Memory in most modern programming languages is allocated in two spaces
- Dynamic memory (allocated with new) is allocated on the Heap and will grow in size
- Stack memory (everything that doesn’t use new) is allocated on the Stack and is fixed size
Let’s further clarify the differences between the two types:
STACK | HEAP |
---|---|
The memory is allocated at the compile time. | The memory is allocated at the runtime. |
In static memory allocation, while executing a program, the memory cannot be changed. | In dynamic memory allocation, while executing a program, the memory can be changed. |
Static memory allocation is preferred in an array. | Dynamic memory allocation is preferred in the linked list. |
Stack vs Heap
fig.1 - Visualising Address Space
This is a visualisation of the 2 types of memory, However you should be aware that his doesn’t reflect any real space. Stack and Heap are memory abstractions, there is no physical difference between them. However in order to address the allocation of memory - address space was created. Each type of memory has its own address and is divided into different segments, hence the diagram we are going to look at.
- Stack deals with the removal and addition of objects from the top this is why it is referred to as a stack and this is why we have put it at the bottom of the diagram here. You will remember the principle of LIFO (last in first out) from our discussion of data structures.
- Heap memory on the other hand is dynamic memory and it changes as the program runs.

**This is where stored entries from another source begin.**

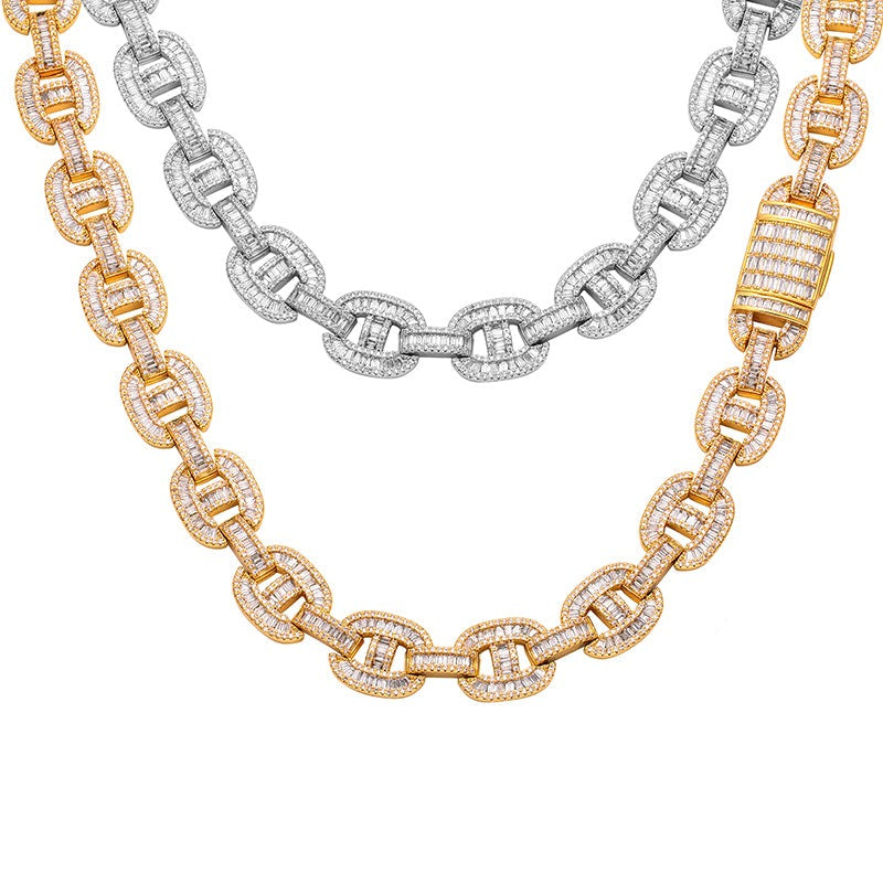 The IE0489 Moissanite Miami Cuban Link Chain Necklace/Bracelet in sterling silver features a bold 15mm width and stunning baguette-cut moissanite stones. This luxurious piece is perfect for making a statement, combining timeless elegance with modern style. Ideal for any occasion, it adds a touch of sophistication and brilliance to your look. 💎✨
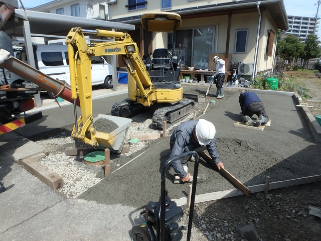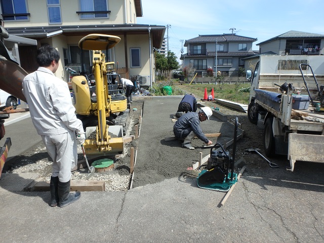 新築住宅外構・駐車場コンクリート・ブロック積み・アルミフェンス・タイル貼り・石灰砂利敷き・植栽・その他
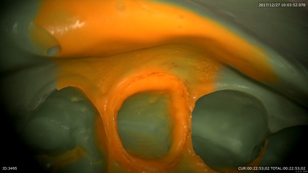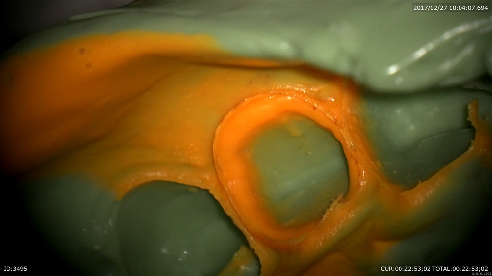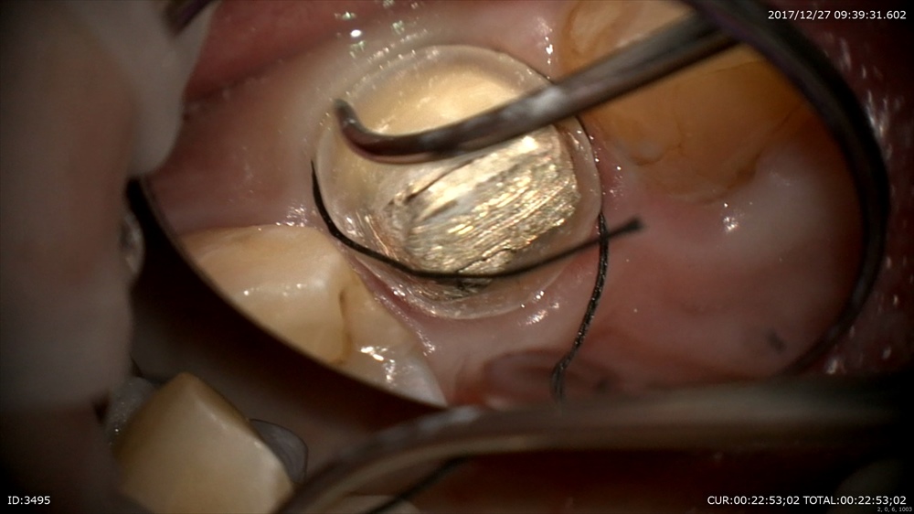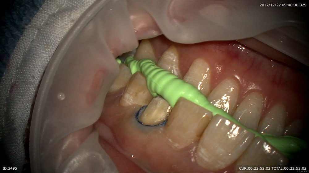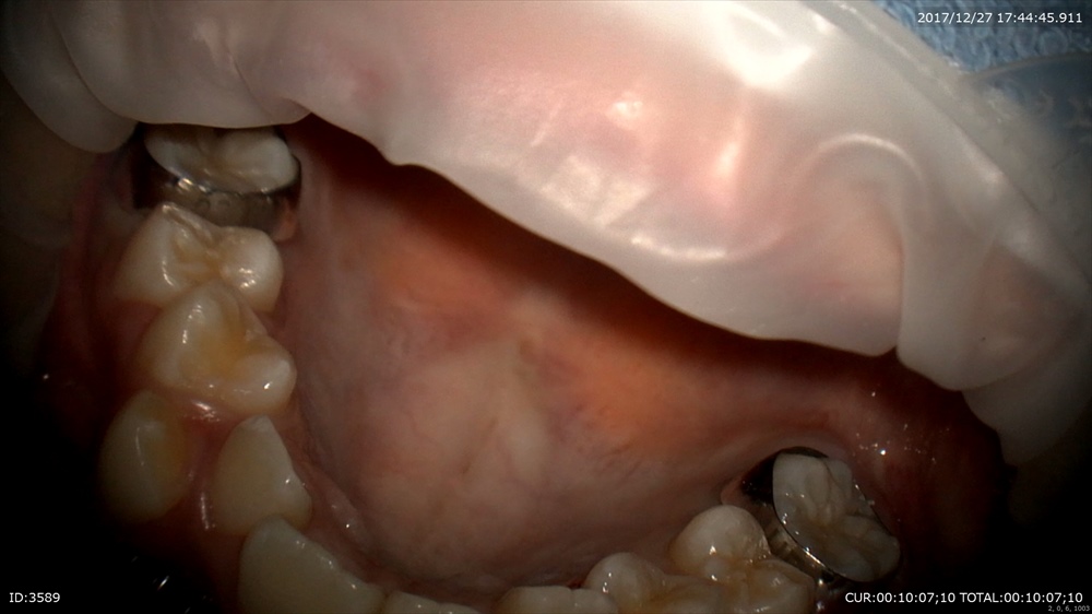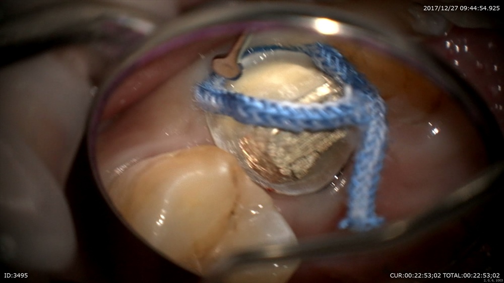 精密な型取り。左上の糸きり歯は大切な歯です。ハイブリットクラウンの型取り。

Its only limitation is the available free space.
- Heap is slower than stack because it has to use a pointer which is stored on the stack to locate the stored object in heap.

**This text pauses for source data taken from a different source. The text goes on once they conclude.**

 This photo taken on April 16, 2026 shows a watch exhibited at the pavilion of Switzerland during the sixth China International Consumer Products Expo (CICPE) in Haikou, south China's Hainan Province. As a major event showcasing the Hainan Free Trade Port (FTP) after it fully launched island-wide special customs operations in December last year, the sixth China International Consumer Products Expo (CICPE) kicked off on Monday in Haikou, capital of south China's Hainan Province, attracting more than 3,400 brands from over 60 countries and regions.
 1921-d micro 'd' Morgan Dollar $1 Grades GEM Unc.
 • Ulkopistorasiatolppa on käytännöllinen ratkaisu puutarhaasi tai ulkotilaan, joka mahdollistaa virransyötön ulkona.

- This is known as a reference type.
- An object in stack holds it’s own reference type and is known as a value type.
- Finally we have the code that is not making use of memory at runtime.
STACK - Impacts on Programming
- When you allocated values types (int, float, bool, short, char etc), these allocated on the stack
- Values allocated on the stack are local, these are deallocated when they drop out of scope
- Values passed into functions are copied onto the stack
- The stack is of fixed size – 1MB for C#
HEAP - Code Example
void Update() {
int x = 10;
int y = 10;
Vector2 pos = Vector2(x, y);
} //<-- x, y and pos drop out of scope here
HEAP - Impacts on Programming
- Heap memory is allocated dynamically
- Any type allocated using the new keyword are allocated on the heap
- We as programmers have responsibility for allocating on the heap
- But … in C# the Heap Memory is managed by the **Garbage Collector
**– In C++ we have to allocate and deallocate on the Heap!
HEAP - Code Example
public class MonsterStats {
private int health;
private int strength;
public MonsterStats ( ) {
health = 100;
strength = 10;
}
public void ChangeHealth (int h) {
health += h ;
}//<- h drops out of scope here
void ChangeStrength(int s ) {
strength += s;
}//<- s drops out of scope here
}
void Start( ) {
//Create an instance of the class on the Heap
MonsterStats new stats = MonsterStats();
stats.ChangeHealth(10);
stats.ChangeStrength(-2);
}
Data Types and Memory in C#
- Values types such as int, float, etc are allocated on the Stack
- Struct’s are custom values types so are allocated on the Stack (except on a few cases)
- Reference Types are allocated on the Heap and include class, interface and delegate types
Strings
Strings act and look like value types but are actually reference types
- This means we need to be careful in allocating new strings
- And each time we create a new string using concatenation (+)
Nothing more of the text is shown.